下船后,胡鲤便见到了一位穿着盔甲,却大腹便便的中年将军,以及相较而言十分清瘦的两老头,大小数百位官员,皆以这三位为首。
有彭曦山这个地头蛇,他已经基本掌握灵隐岛主要官员的信息。
这位肥猪一样的将军就是所谓征夷将军韩千同。
而另外两人一个稍稍高些,一撮白须的是先登郡太守宁学益,另一个稍矮,黑须的是丰台郡太守季深。
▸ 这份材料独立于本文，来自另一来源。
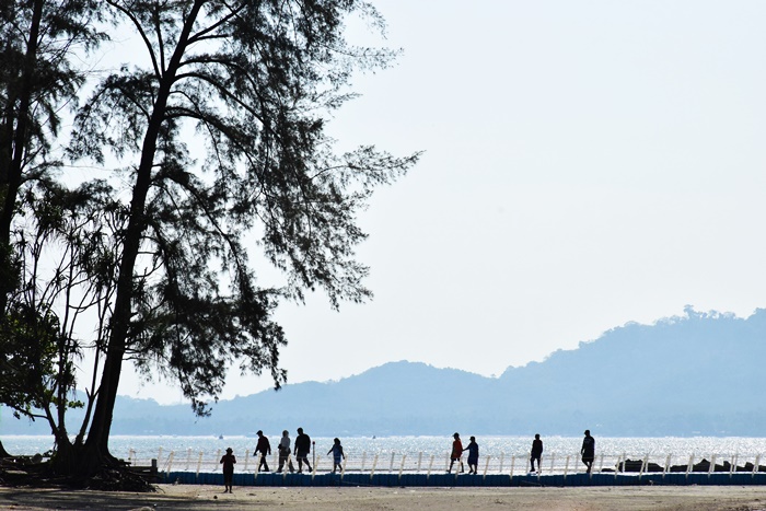 “ค่อย ๆ ทยอยก้าวลงนะครับ” หนุ่มน้อยลูกหลานคนแพ 2 – 3 คน ค่อย ๆ นำสะพานไม้เชื่อมเล็ก ๆ พาดต่อระหว่างแพ กับ ผืนทราย เพื่อให้เหล่าสมาชิกนักท่องเที่ยวได้เดินลงชายหาดกันได้อย่างสะดวกสบาย
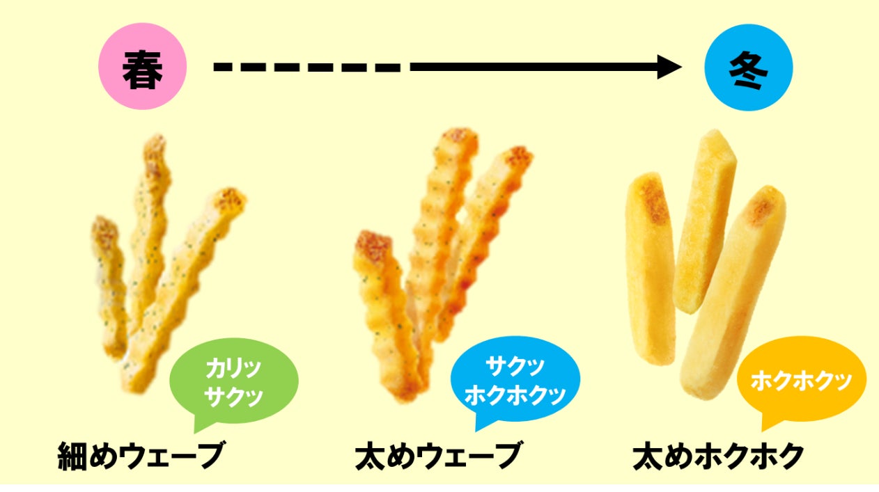 昨年より「Jagabee」では、じゃがいもの多様なおいしさを楽しんでいただきたいという想いから、年に1回しか出会えない「味わい×カット」を組み合わせた期間限定の「Jagabee」として、「季節のフレンチフライシリーズ」を展開しています。
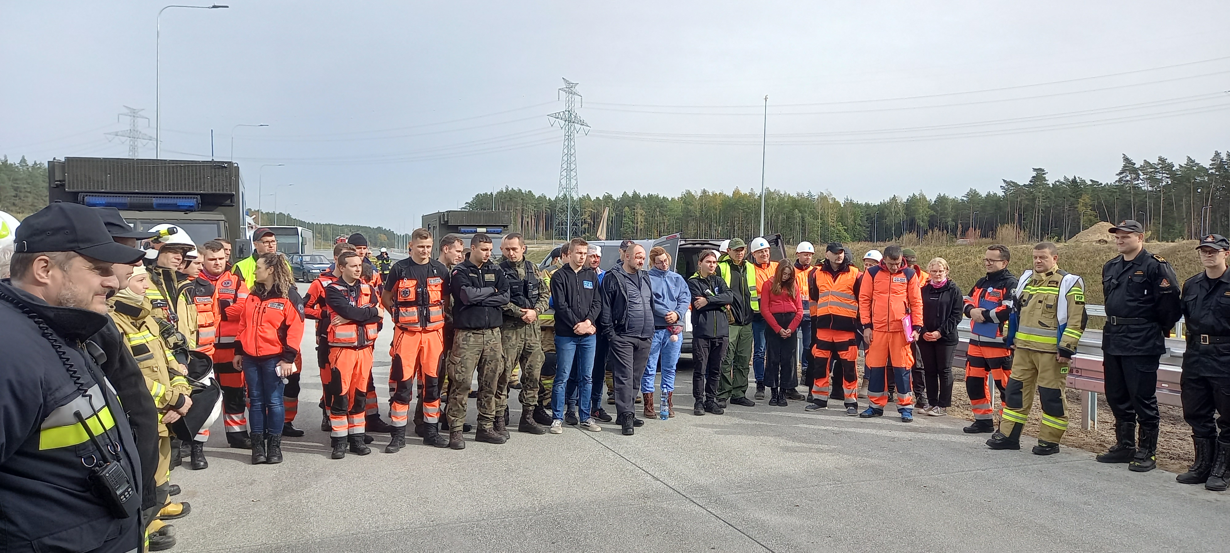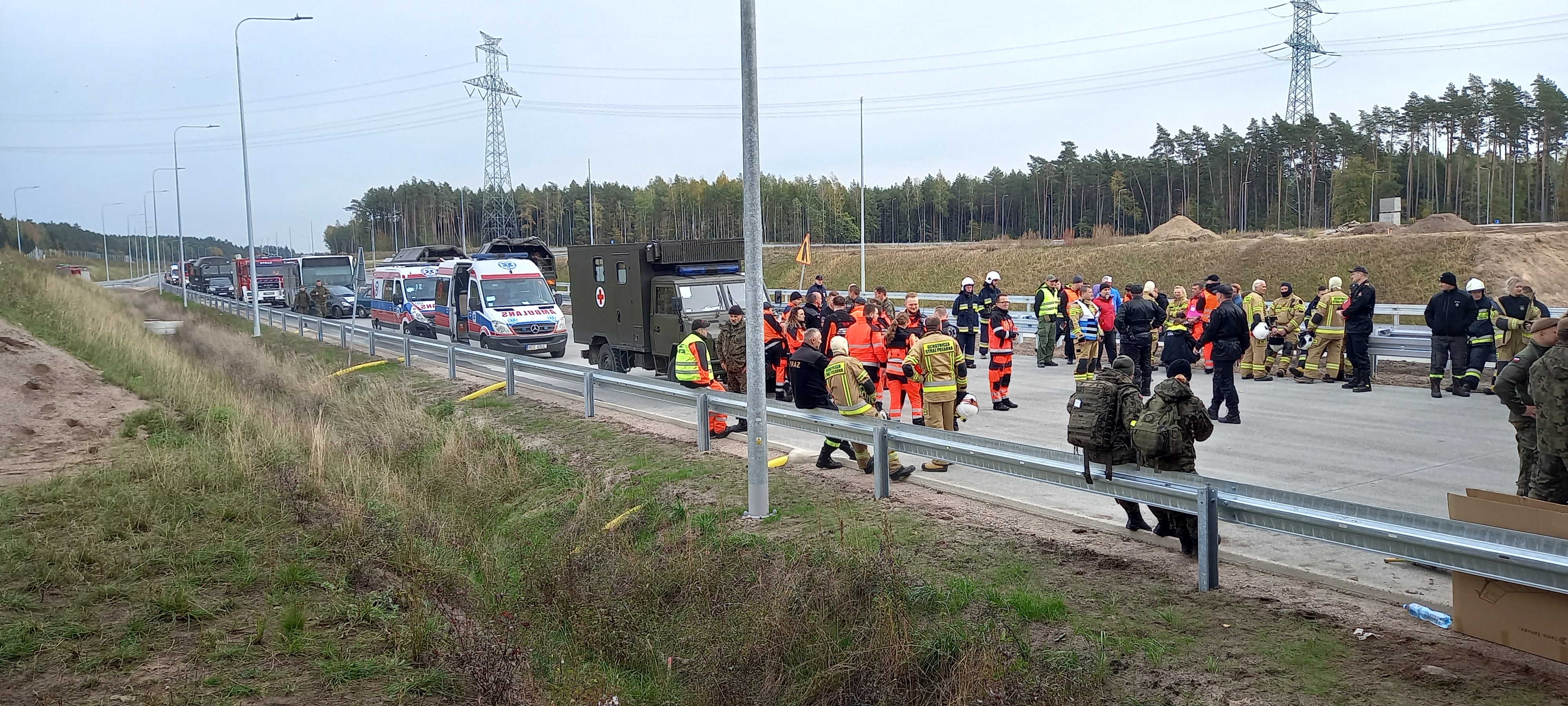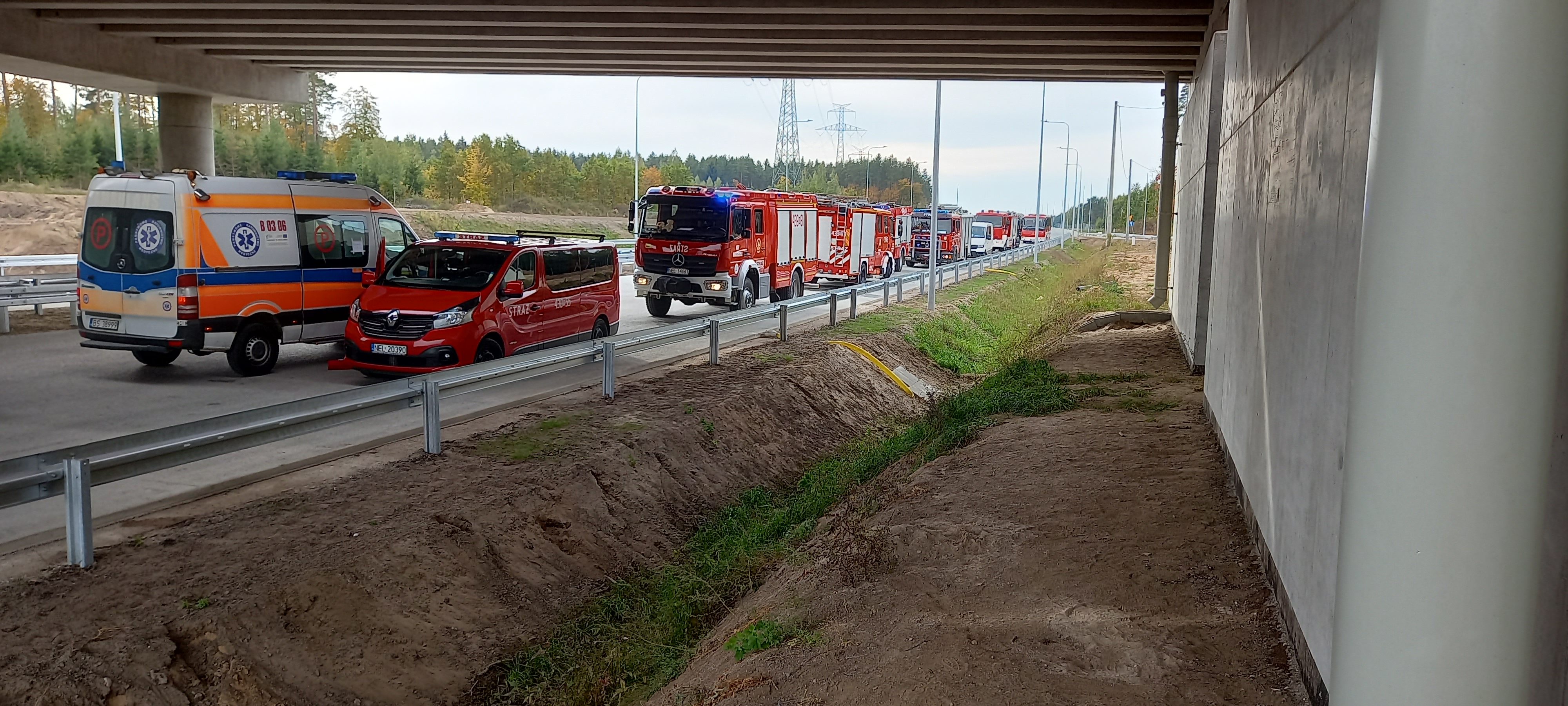 5 października 2022r. strażacy z powiatu ełckiego wraz z innymi służbami ćwiczyli na drodze szybkiego ruchu S61.
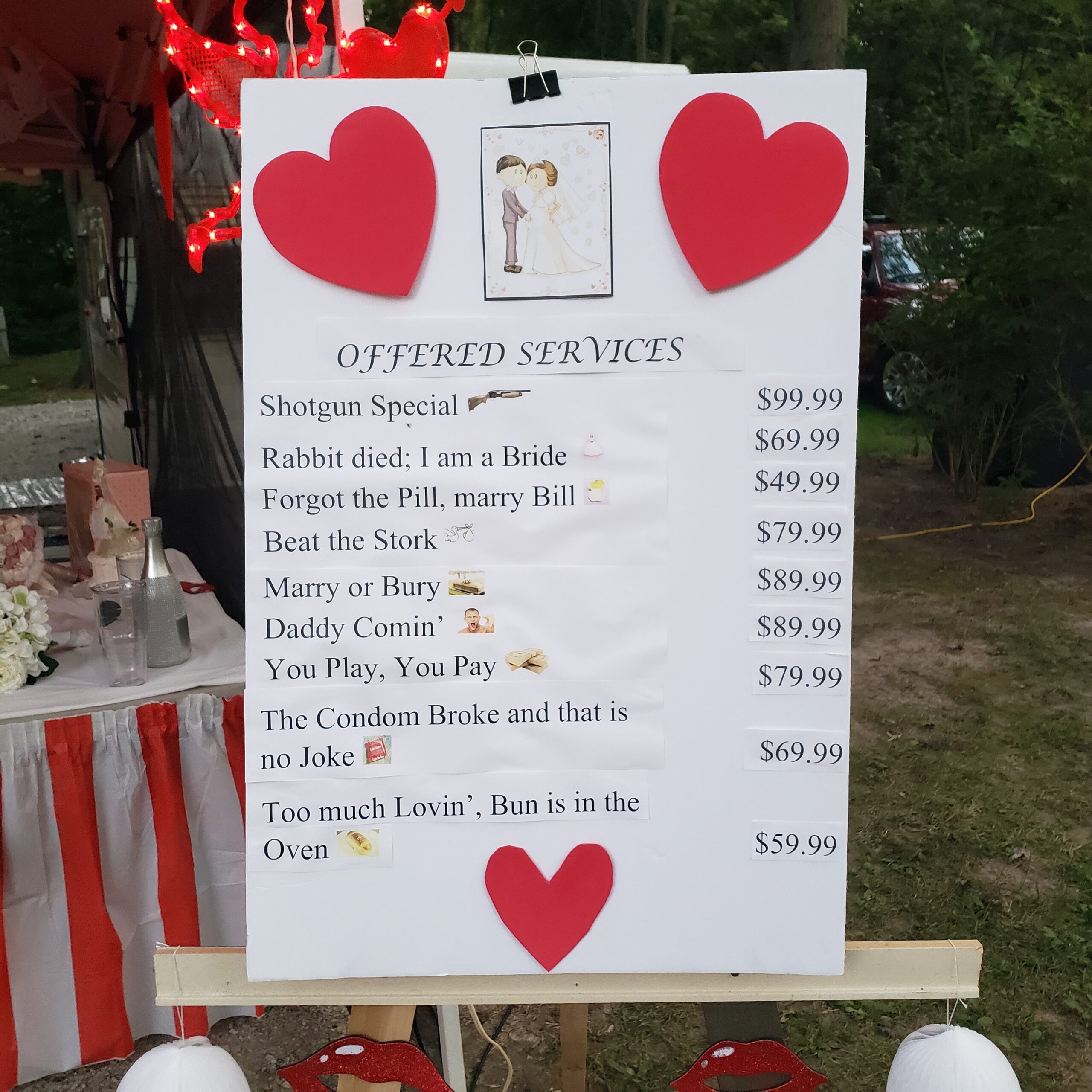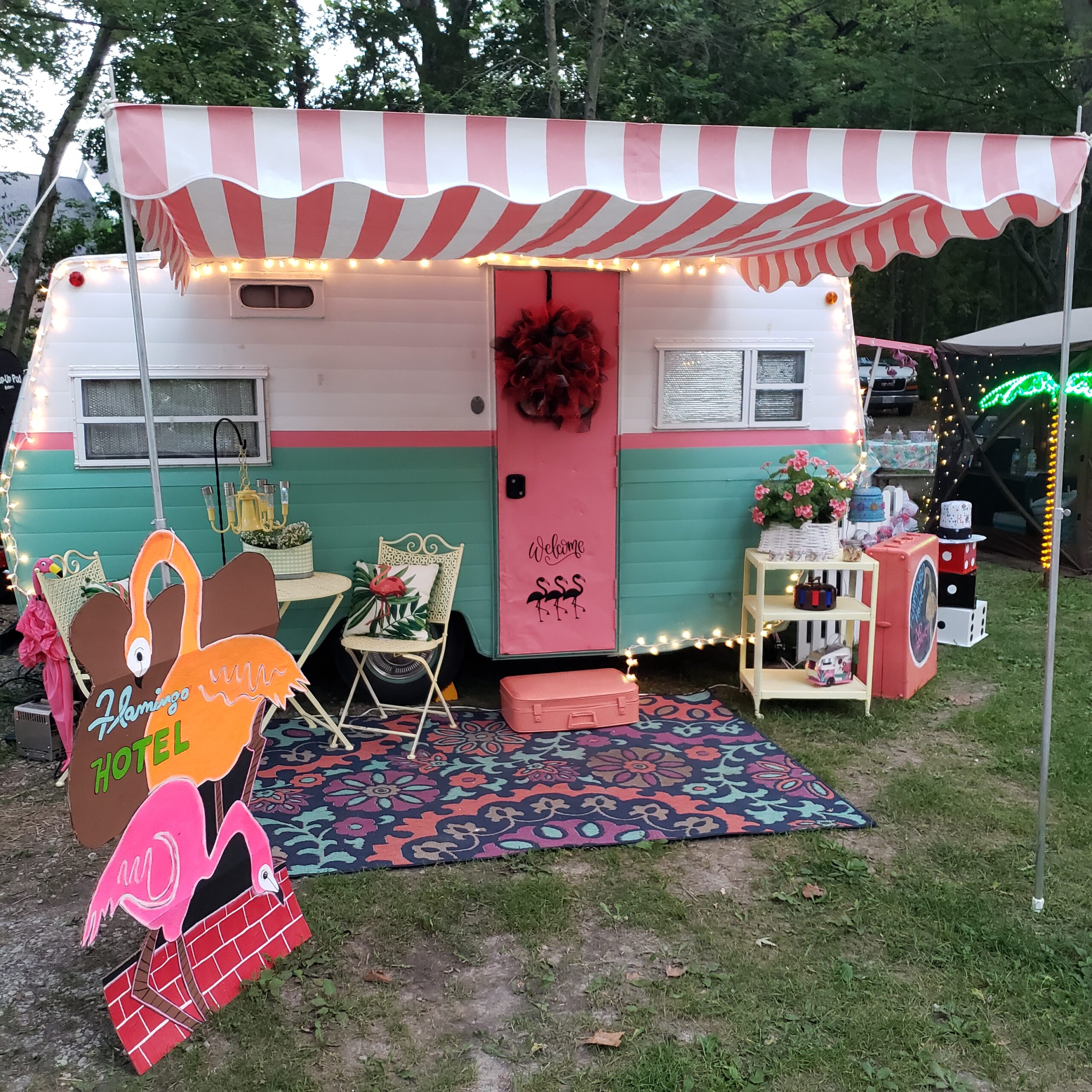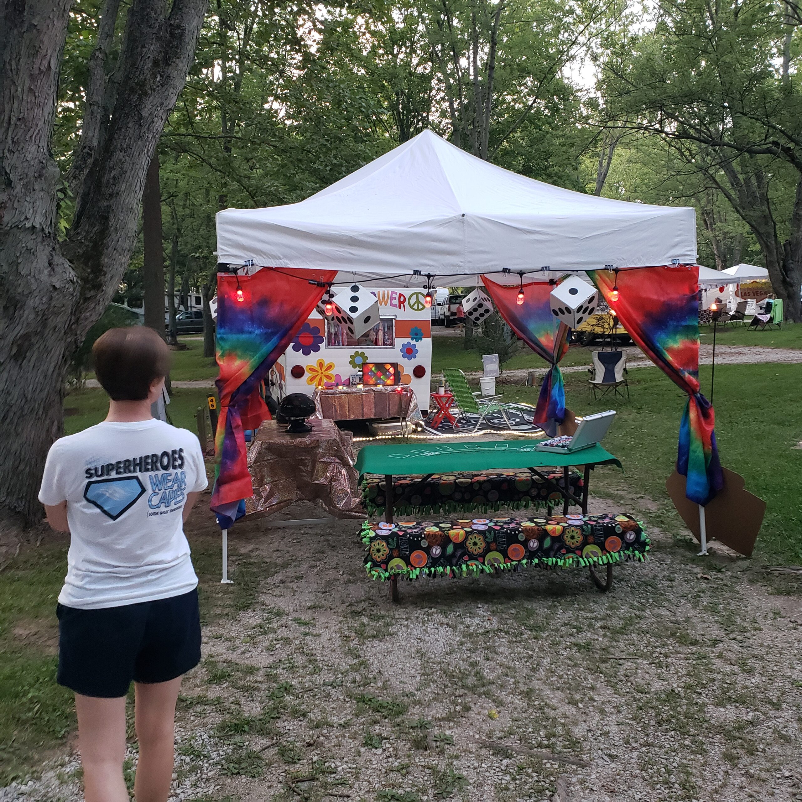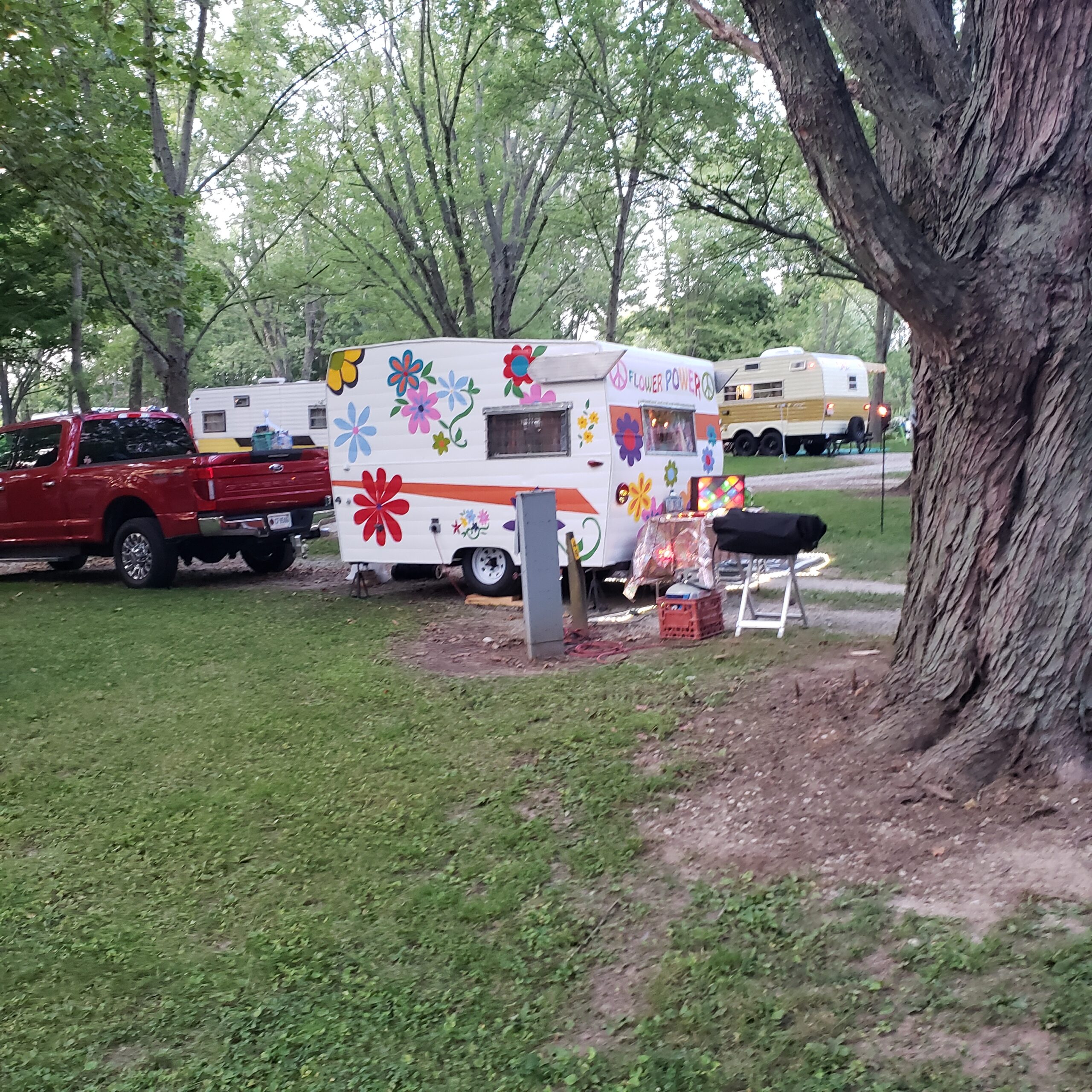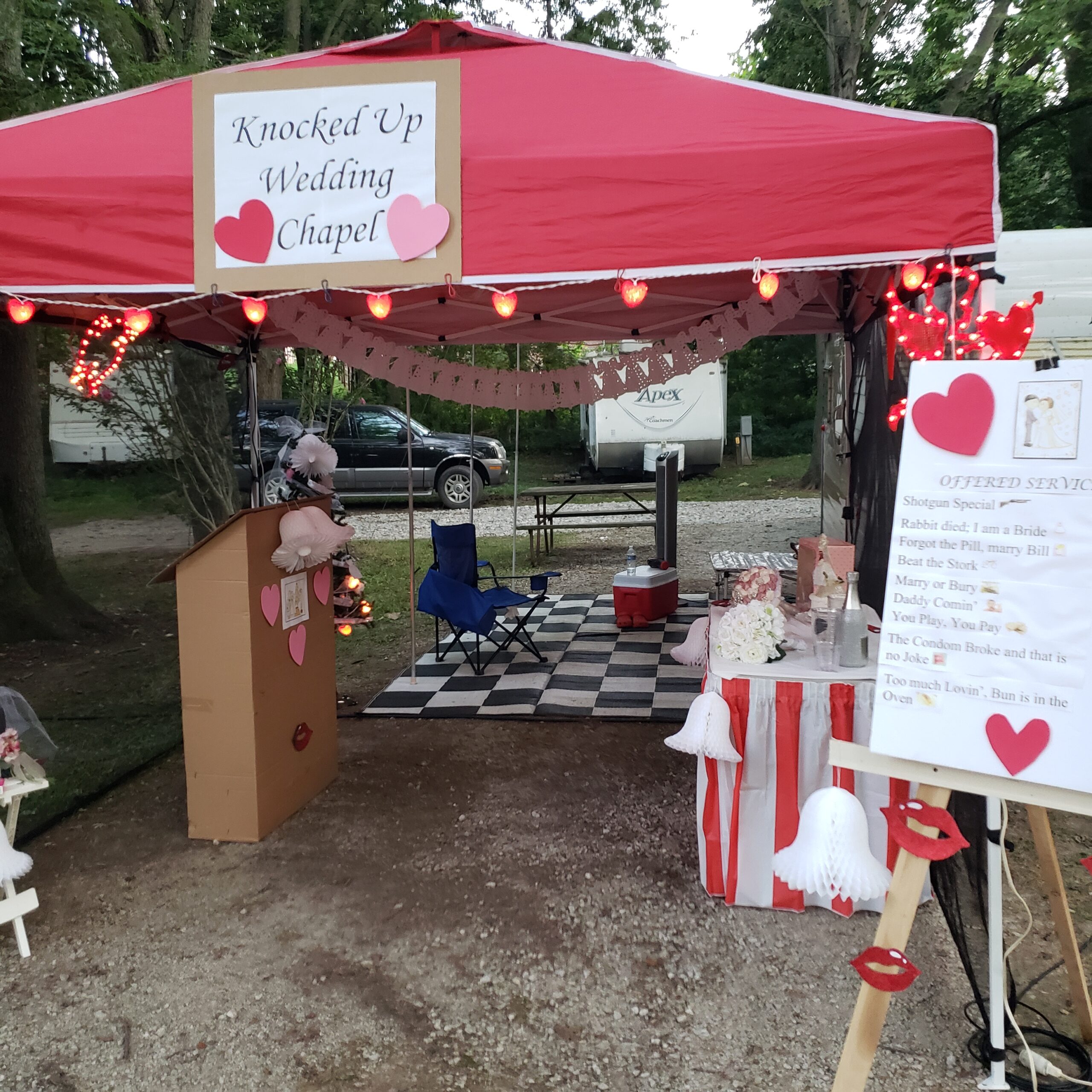 Last night we stayed in Crawfordsville, IN at a lovely little KOA tucked just off I-74W. They were hosting a vintage camper gathering with a High-Roller Casino night theme. The Husband snapped a few pics of a makeshift “wedding chapel” next to one of our vintage brethren with a full menu of services offered. Another camper was painted with a classic 60s-style flower-child theme. It was a fun diversion for a much-needed evening walk before we headed to bed early.

“臣征夷将军韩千同,臣先登太守宁学益,臣丰台太守季深拜见殿下!”
以三人为首,一百来位文武官员齐齐跪了下来,乌压压一片跪在了胡鲤面前。
极远处一些商人和码头帮工见了这一幕,神情激动叽叽喳喳议论不停。
这时,他们方才知道,朝廷派来的灵隐王来了,以后灵隐岛的官老爷上头又多了一尊大神。
胡鲤双手负后,淡淡扫了众人一眼。
他先打量是这位好不容易跪下的征夷将军韩千同。
这家伙这么胖,都赶上百姓家的肥年猪了。
这么胖,战马都骑不上了吧,弓马都不娴熟,还怎么打仗平叛。
难怪岛上时常会有海寇入侵,民乱发生,这将军府明显是四维不张,武备松弛啊。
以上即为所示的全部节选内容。